Your assignment:
Every line from the one with "樂望高速是黔桂兩地便捷連通的" up to and including the one with "Aber, ab Ende" is to be output exactly as it appears below; pictures are not.

Extracted entries:
☆ ☆ ☆ ☆ ☆ ☆ ☆
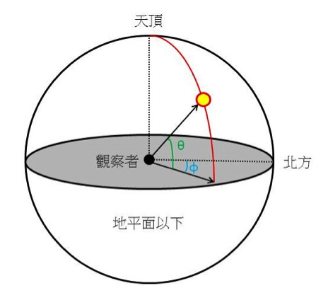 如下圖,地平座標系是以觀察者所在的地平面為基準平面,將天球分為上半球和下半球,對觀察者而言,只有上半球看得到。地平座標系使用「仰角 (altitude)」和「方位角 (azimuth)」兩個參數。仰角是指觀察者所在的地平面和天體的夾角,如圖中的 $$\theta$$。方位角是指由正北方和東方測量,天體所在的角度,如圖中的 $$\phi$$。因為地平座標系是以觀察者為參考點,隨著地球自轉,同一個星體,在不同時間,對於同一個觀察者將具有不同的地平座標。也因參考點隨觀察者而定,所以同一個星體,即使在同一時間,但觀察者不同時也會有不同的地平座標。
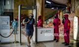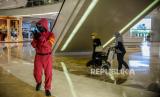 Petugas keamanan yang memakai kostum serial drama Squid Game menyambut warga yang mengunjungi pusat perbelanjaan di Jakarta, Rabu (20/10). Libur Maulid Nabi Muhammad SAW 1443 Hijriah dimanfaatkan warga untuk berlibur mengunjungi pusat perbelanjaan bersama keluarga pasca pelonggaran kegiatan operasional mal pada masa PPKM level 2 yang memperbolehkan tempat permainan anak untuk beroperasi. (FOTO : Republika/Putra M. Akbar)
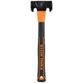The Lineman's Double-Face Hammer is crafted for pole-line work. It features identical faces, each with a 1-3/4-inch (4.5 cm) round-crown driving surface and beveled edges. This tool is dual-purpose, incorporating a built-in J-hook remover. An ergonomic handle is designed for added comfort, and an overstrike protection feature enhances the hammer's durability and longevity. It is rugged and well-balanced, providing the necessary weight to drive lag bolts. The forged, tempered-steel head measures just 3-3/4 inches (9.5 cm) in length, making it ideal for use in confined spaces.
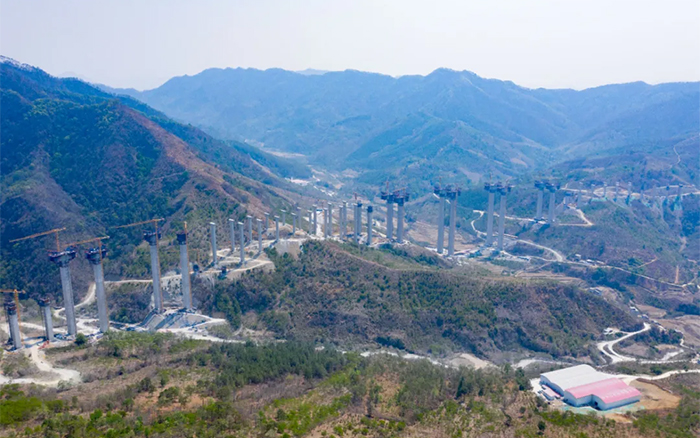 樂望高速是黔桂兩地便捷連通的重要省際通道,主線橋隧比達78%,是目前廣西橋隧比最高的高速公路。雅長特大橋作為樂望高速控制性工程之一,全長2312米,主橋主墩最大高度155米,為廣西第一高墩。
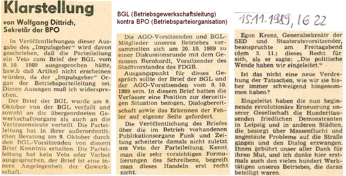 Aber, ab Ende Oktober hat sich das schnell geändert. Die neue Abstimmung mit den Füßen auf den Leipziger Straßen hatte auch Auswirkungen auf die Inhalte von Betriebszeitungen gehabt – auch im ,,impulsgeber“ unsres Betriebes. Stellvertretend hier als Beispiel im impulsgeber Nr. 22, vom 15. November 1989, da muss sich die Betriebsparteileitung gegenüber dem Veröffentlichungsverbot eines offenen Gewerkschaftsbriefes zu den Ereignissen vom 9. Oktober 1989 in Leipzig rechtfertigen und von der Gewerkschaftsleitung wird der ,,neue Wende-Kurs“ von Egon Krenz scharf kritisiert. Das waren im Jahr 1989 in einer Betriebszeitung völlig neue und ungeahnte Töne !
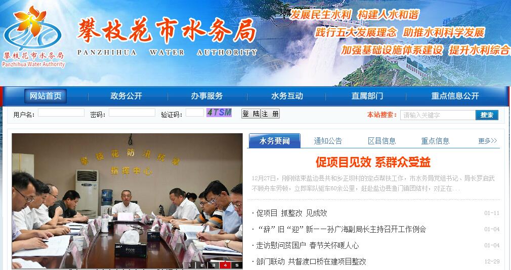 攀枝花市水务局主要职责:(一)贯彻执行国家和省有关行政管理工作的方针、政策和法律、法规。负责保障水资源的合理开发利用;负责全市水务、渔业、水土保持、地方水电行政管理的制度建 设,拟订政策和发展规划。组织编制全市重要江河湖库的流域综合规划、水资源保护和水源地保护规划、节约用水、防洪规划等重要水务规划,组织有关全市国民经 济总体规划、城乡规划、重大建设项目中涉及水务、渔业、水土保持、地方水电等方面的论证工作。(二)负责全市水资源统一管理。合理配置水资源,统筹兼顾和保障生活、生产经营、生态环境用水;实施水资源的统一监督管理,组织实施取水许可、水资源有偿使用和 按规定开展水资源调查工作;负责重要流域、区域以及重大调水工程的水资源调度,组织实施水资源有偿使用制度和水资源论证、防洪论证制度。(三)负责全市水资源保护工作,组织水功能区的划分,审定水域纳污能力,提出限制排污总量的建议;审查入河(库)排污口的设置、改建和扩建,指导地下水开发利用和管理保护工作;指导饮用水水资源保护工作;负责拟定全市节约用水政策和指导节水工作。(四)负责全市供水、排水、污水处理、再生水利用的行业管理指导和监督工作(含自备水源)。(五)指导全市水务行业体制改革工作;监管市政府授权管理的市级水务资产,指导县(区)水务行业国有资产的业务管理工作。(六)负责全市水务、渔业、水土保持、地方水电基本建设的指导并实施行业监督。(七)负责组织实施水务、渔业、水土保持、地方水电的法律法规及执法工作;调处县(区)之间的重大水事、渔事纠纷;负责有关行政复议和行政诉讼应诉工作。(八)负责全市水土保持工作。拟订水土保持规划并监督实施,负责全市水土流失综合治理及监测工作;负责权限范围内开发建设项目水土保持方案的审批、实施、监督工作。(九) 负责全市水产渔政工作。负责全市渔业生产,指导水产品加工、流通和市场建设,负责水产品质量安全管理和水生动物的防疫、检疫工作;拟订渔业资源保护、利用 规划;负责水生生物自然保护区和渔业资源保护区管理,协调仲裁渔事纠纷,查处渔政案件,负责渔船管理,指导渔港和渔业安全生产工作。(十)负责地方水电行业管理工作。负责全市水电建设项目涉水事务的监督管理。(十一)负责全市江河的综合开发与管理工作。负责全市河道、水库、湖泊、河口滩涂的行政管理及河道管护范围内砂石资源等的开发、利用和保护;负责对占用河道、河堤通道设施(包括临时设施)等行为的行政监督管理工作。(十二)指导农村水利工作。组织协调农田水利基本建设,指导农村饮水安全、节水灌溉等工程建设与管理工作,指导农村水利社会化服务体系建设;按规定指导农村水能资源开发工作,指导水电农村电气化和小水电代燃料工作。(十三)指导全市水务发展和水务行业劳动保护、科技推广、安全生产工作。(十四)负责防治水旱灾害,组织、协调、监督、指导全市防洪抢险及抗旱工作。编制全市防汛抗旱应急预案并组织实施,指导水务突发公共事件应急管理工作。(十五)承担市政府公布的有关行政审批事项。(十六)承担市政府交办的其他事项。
☆ ☆ ☆ ☆ ☆ ☆ ☆
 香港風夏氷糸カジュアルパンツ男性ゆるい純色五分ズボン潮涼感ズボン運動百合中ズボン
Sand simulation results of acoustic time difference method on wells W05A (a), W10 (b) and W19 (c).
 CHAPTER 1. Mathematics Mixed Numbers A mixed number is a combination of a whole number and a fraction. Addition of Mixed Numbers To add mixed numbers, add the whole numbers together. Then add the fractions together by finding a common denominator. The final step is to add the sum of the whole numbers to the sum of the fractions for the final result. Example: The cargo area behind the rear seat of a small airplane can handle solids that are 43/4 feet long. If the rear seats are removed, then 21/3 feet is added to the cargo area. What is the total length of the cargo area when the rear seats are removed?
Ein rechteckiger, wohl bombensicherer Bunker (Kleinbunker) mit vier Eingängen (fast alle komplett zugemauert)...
☆ ☆ ☆ ☆ ☆ ☆ ☆
Expected output:
 樂望高速是黔桂兩地便捷連通的重要省際通道,主線橋隧比達78%,是目前廣西橋隧比最高的高速公路。雅長特大橋作為樂望高速控制性工程之一,全長2312米,主橋主墩最大高度155米,為廣西第一高墩。
 Aber, ab Ende Oktober hat sich das schnell geändert. Die neue Abstimmung mit den Füßen auf den Leipziger Straßen hatte auch Auswirkungen auf die Inhalte von Betriebszeitungen gehabt – auch im ,,impulsgeber“ unsres Betriebes. Stellvertretend hier als Beispiel im impulsgeber Nr. 22, vom 15. November 1989, da muss sich die Betriebsparteileitung gegenüber dem Veröffentlichungsverbot eines offenen Gewerkschaftsbriefes zu den Ereignissen vom 9. Oktober 1989 in Leipzig rechtfertigen und von der Gewerkschaftsleitung wird der ,,neue Wende-Kurs“ von Egon Krenz scharf kritisiert. Das waren im Jahr 1989 in einer Betriebszeitung völlig neue und ungeahnte Töne !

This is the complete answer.